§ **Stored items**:
---------------
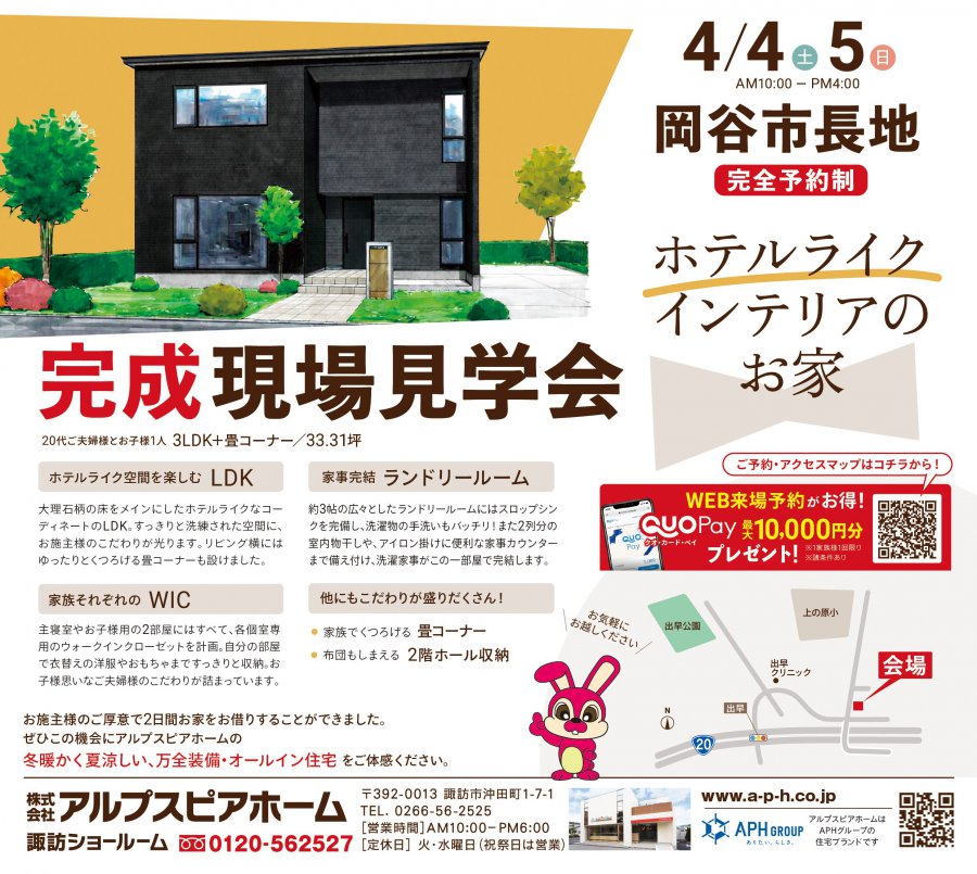 4/4(土)・5(日)岡谷市にて、完全予約制の完成現場見学会を開催いたしました。
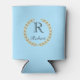 Custom name can cooler is shown with a winner's gold wreath print with a sample initial and name.
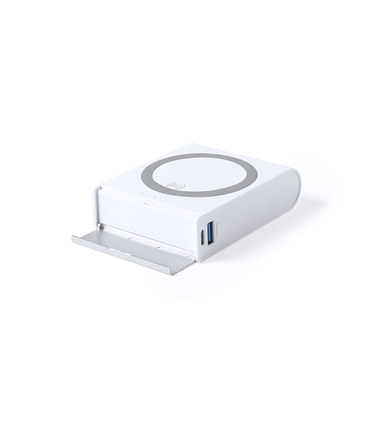 Power bank de carga inalámbrica rápida con capacidad -8.000 mAh- Conexión tipo C y con soporte para dispositivo móvil, ledes indicadores de estado de carga y amplia superficie de marcaje.
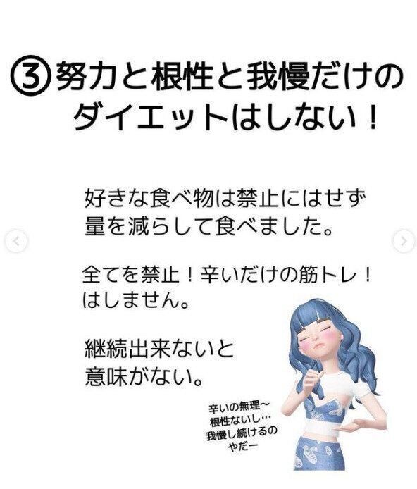 絶対にお菓子は食べない!といったダイエット、あなたは続けることができますか?zuboran__beautyさんのダイエットのポイントは、「努力と根性と我慢だけのダイエットはしない」ということ。たとえば、好きな食べ物は禁止にするのではなく量を減らせばいいのです。「継続ができないと意味がありません」といいます。我慢をするのではなく、ほどほどに調整するということなら無理なく続けていけそうです。
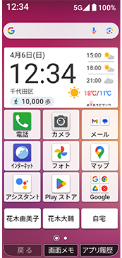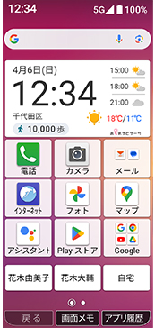 メイン画面で下から上にスワイプ(移動)し
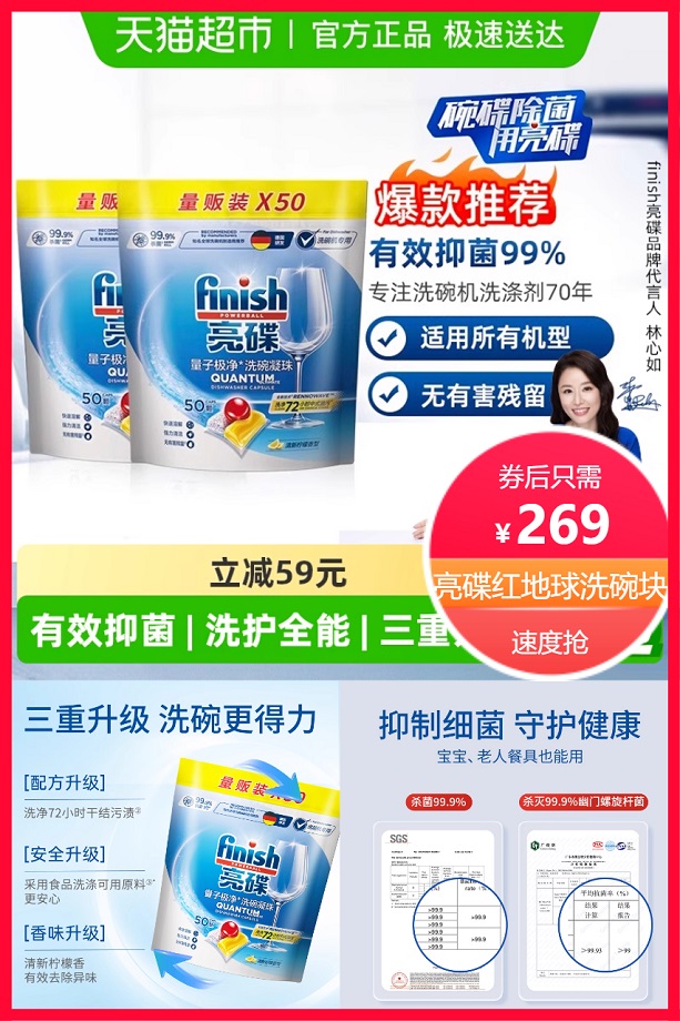 超市立减59元+券40元+88vip省13.45元+红包8元+淘金币抵扣11.04元后约236.51元,全机型通用,轻松解决顽固污渍,无残留,强力清洁,一颗搞定,宝宝老人餐具都能洗,抑制细菌传播,守护家人健康!安心使用
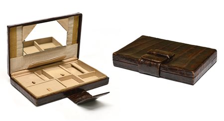 Porta oggetti/gioie in coccodrillo marrone con chiusura ad agenda (difetti e...
---------------
§ **TASK ITEM**: Begin at the line containing "超市立减59元+券40元+8" and stop at the last line of the data. Repeat only those lines, exactly, and leave out the pictures.

§ **SOLUTION FOR THIS TASK**:
 超市立减59元+券40元+88vip省13.45元+红包8元+淘金币抵扣11.04元后约236.51元,全机型通用,轻松解决顽固污渍,无残留,强力清洁,一颗搞定,宝宝老人餐具都能洗,抑制细菌传播,守护家人健康!安心使用
 Porta oggetti/gioie in coccodrillo marrone con chiusura ad agenda (difetti e...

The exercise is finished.